Protesters Face Police in Thailand
Friday, 29 August 2008

Protesters stood in the rain inside the the prime minister's compound in Bangkok on Wednesday.AP, BANGKOK — Thousands of anti-government protesters blockaded the prime minister's office on Wednesday and their leaders challenged the police to enter and arrest them.

Following a clash between protesters and the police earlier in the day that left several people injured, nearly 2,000 police officers with helmets and riot shields pressed in around the demonstrators, who were inside the prime minister's gated compound but did not enter the main building, called Government House.
 
The police said that a court had issued warrants for the arrests of nine of the protest leaders.
 
The raid by protesters on the prime minister's office, as well as on several other government buildings, which began building on Tuesday, were part of what the protesters called a "final push" after three months of demonstrations aimed at unseating the government of Prime Minister Samak Sundaravej.
 
"This government has to resign," said one of the leaders, Chamlong Srimuang, speaking in the broad courtyard of Government House. "If we leave before this government resigns it means we are defeated."
 
Mr. Chamlong, 72, a former governor of Bangkok, led similar anti-government demonstrations that succeeded in ousting a government in 1992. That uprising ended in bloodshed when soldiers fired into the crowds, killing about 50 people.
 
"I'm ready to be arrested," Mr. Chamlong said. "If they come, we will let them arrest us. If they want to put us in jail, we'll go to jail.

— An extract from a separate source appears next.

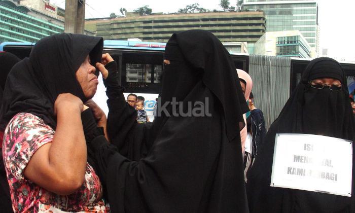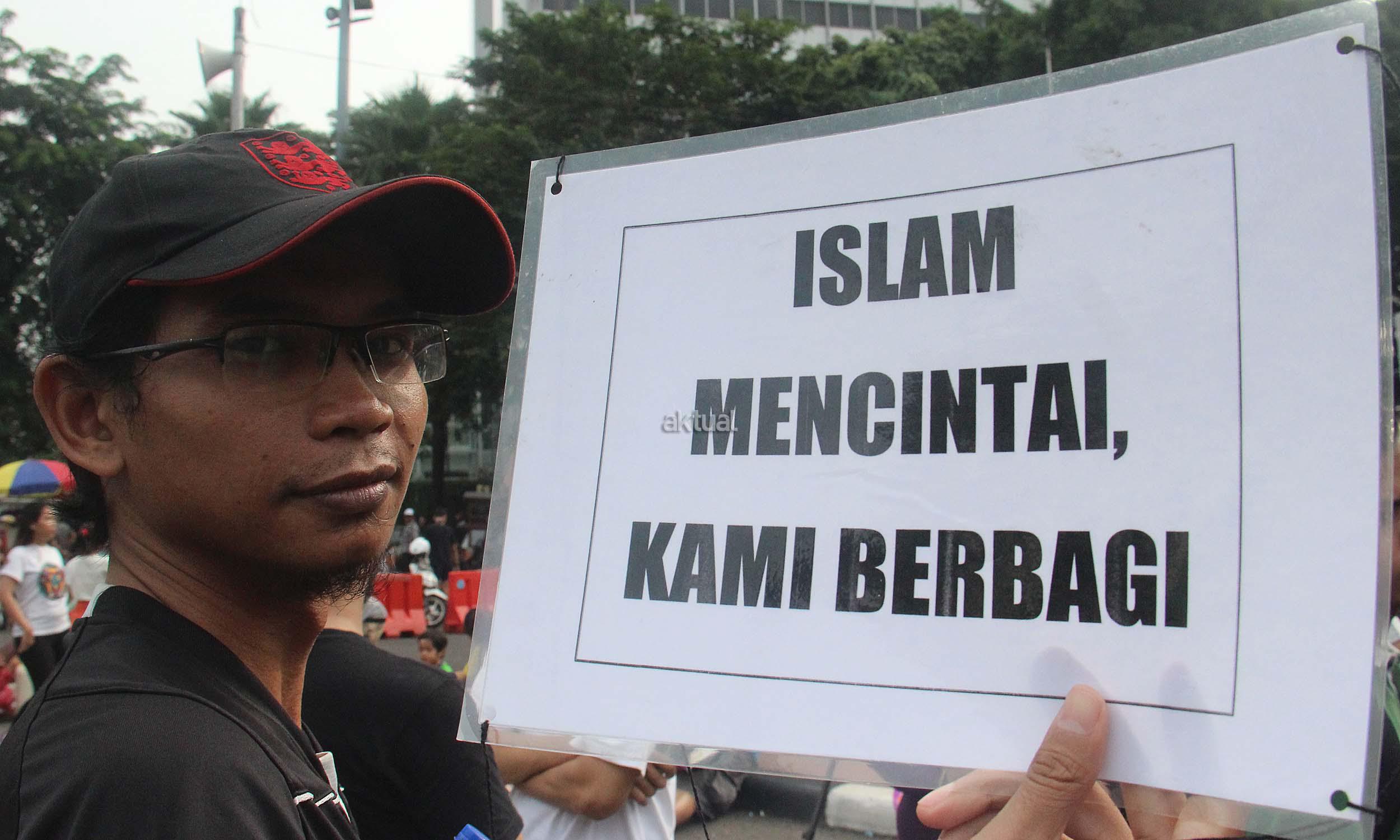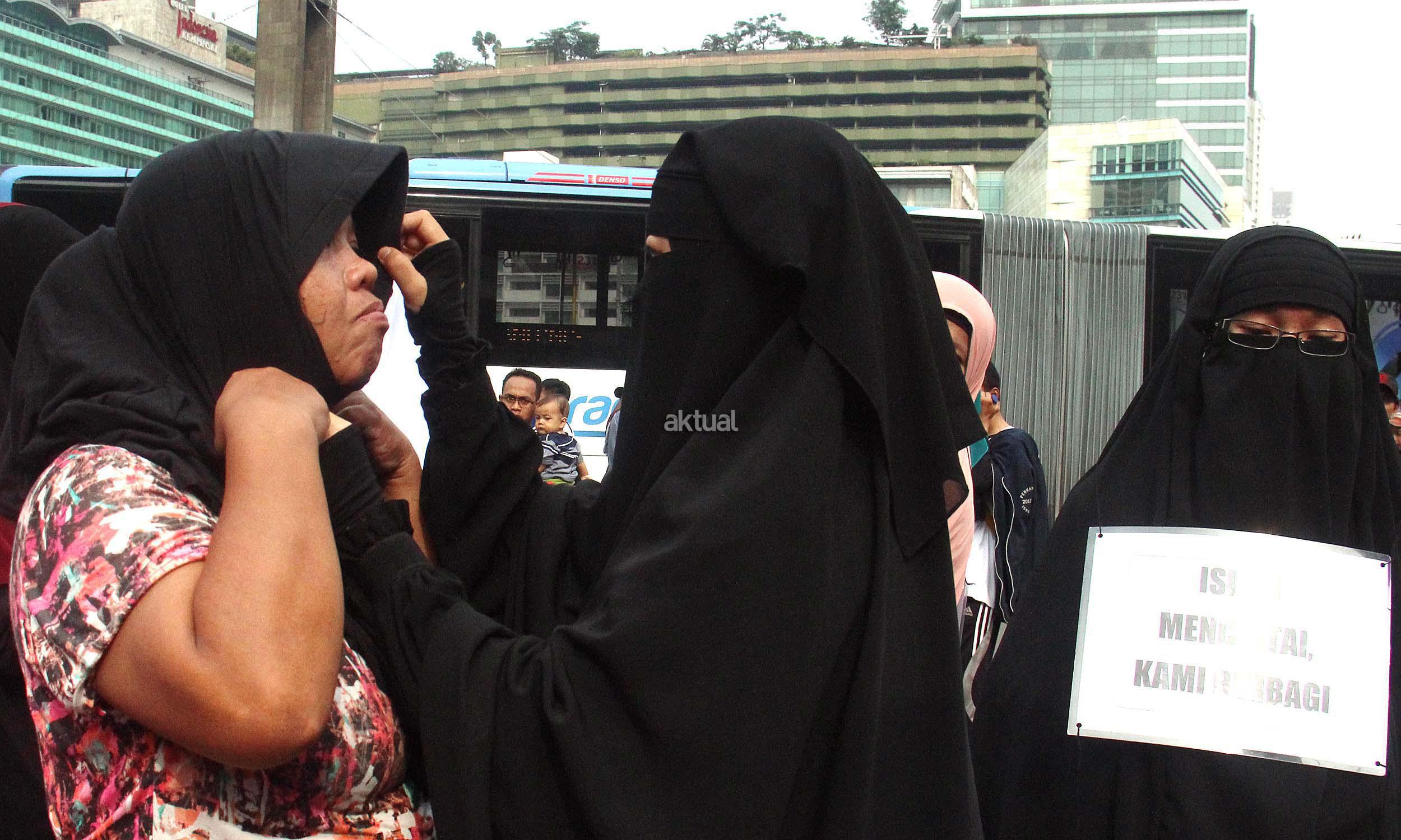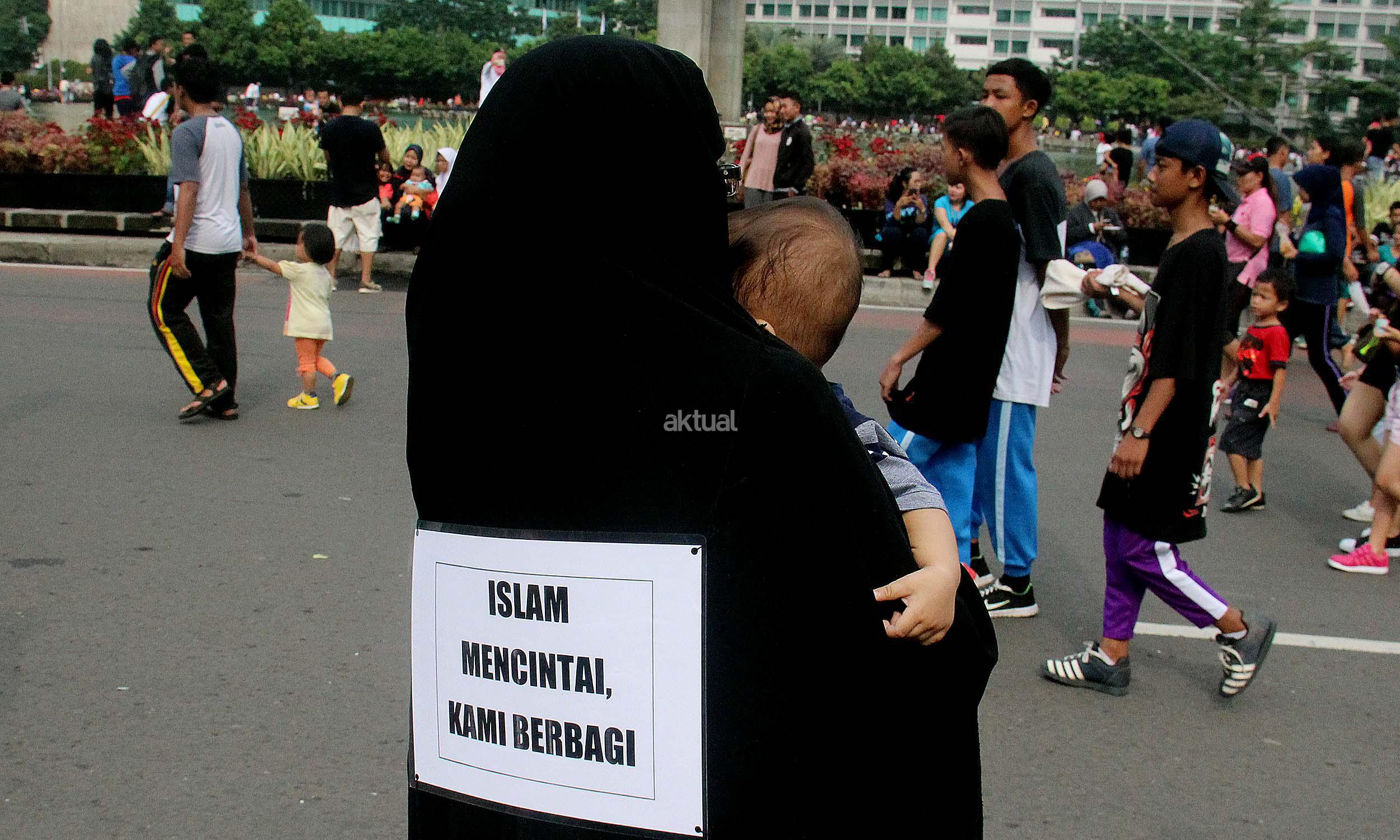 Terlihat anggota komunitas Da'wah on the Street memakai kan jilbab kepada masyarakat dalam acara Car Free Day, di kawasan Bunderan HI, Jakarta, Minggu (22/5/2016). Komunitas Da'wah on the Street membagi-bagikan jilbab gratis dan tak hanya membagikan jilbab. Mereka juga mengajarkan cara menggunakan jilbab yang syar'i.

We will be here. We aren't going anywhere."
 
He drew laughter when he said, "If we were afraid we would flee abroad." That was a reference to former Prime Minister Thaksin Shinawatra, who has sought political asylum in England saying he is being victimized by a series of corruption cases that are being brought against him.
 
Mr. Thaksin was ousted in a coup in September 2006 while he was traveling abroad. He returned to Thailand early this year but chose not to return again 11 days ago from a trip to Beijing as court dates approached.
 
Calling themselves the People's Alliance for Democracy, or P.A.D., the protesters held large demonstrations in 2006 that weakened Mr. Thaksin politically and set the political atmosphere for the coup.
 
They now accuse Mr. Samak of corruption and of being a puppet of Mr. Thaksin. But apart from calling for the downfall of the government, they are not offering a political program or a solution to the country's divisions.
 
On Tuesday they blockaded several government ministries and briefly forced a pro-government television station off the air.
 
Their continuing protest, even after Mr. Thaksin fled into exile, has wearied many in Bangkok's middle class who had also opposed Mr. Thaksin. Newspapers on Wednesday expressed exasperation with the continuing turmoil.
 
Calling the protests "unjustified, unnecessary, provocative and illegal," the English language daily The Bangkok Post said, "If the P.A.D. really wants to bring down the government, it should do so through the Parliament. That is the proper, democratic place to do it."
 
The country's other major English language daily, The Nation, said the protesters' motives "have gone from clear-cut to incomprehensible." It said, "With most, if not all, key contentious political issues now in the hands of the courts, the P.A.D.'s highly provocative action yesterday was completely uncalled-for."
 
The alliance, which has ties to the country's conservative elite and to elements of the military, draws much of its public support with assertions that it is protecting the monarchy.
 
Fanning themselves vigorously with small straw fans, its supporters sat under makeshift awnings Wednesday, many of them dressed in bright yellow, the color of the monarchy.
 
Various speakers took turns addressing the crowd, mixing denunciations of the government with complaints that the city was not providing them with enough portable toilets. In interviews, protesters asserted, Mr. like Chamlong, that they would stay as long as they had to. But some said they would soon run out of food.
 
It was not clear who was funding the prolonged demonstrations, many of whose participants had traveled from the countryside, but important business interests in the country oppose Mr. Thaksin and the people who surrounded him.
 
Mr. Chamlong said Wednesday that over the past six days he had received more than $250,000 worth of contributions in cash and gold to pay for the demonstrations. He did not name the donors.
 
On Tuesday, Mr. Samak said he had ordered the police to act gently and not to be provoked by the crowds into violence. "They want bloodshed in the country," he said, speaking in English. "They want the military to come out and do the coup again."
 
The army chief, Anupong Paochinda, who had been one of the leaders of the coup in 2006 that ousted Mr. Thaksin, asserted that the military would stand aside this time and would not be involved in politics.
 
The coup scenario, which has been common in Thailand over the past half century, lost much of its appeal after the ouster of Mr. Thaksin, when a military-led government was widely seen as incompetent and ineffectual.
 
When it stepped aside for new elections last December, Mr. Thaksin's supporters, led by Mr. Samak, moved back in again to fill the vacuum.